--- Exercise ---
Only the closing part of the listing is wanted: reproduce exactly the line containing "Porilaisia kaupaamassa. |" and all lines below it.
--- Dataset extract Enclosed Below ---
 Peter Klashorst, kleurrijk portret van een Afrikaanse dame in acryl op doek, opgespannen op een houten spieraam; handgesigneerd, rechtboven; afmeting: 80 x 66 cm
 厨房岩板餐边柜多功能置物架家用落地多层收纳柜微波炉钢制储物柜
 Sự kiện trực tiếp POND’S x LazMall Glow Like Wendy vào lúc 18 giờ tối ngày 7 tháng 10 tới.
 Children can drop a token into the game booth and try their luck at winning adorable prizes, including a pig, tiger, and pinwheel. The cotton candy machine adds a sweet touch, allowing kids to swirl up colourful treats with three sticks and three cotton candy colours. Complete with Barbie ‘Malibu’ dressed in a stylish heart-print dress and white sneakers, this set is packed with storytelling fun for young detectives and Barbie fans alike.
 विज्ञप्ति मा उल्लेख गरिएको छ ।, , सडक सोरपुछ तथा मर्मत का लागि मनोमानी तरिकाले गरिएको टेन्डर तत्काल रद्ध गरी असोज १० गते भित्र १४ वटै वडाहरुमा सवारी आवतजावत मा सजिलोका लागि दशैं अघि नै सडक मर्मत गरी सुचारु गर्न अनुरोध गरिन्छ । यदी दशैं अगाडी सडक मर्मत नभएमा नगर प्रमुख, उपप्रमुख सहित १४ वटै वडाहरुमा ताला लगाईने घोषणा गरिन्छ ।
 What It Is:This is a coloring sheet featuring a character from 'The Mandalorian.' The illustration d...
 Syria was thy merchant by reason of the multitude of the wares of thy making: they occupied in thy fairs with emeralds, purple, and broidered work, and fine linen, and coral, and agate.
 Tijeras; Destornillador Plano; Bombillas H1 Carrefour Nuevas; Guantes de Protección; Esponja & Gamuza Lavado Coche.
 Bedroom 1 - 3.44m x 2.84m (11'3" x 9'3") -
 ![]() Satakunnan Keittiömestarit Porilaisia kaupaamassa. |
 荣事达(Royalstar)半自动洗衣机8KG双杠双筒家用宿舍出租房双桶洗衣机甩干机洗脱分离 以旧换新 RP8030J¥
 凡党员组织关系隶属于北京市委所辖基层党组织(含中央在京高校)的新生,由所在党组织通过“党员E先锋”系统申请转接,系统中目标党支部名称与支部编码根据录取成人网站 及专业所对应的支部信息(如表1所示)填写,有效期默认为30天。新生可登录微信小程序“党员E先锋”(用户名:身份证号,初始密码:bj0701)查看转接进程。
--- End of Enclosed Dataset extract ---
--- Task response ---
 ![]() Satakunnan Keittiömestarit Porilaisia kaupaamassa. |
 荣事达(Royalstar)半自动洗衣机8KG双杠双筒家用宿舍出租房双桶洗衣机甩干机洗脱分离 以旧换新 RP8030J¥
 凡党员组织关系隶属于北京市委所辖基层党组织(含中央在京高校)的新生,由所在党组织通过“党员E先锋”系统申请转接,系统中目标党支部名称与支部编码根据录取成人网站 及专业所对应的支部信息(如表1所示)填写,有效期默认为30天。新生可登录微信小程序“党员E先锋”(用户名:身份证号,初始密码:bj0701)查看转接进程。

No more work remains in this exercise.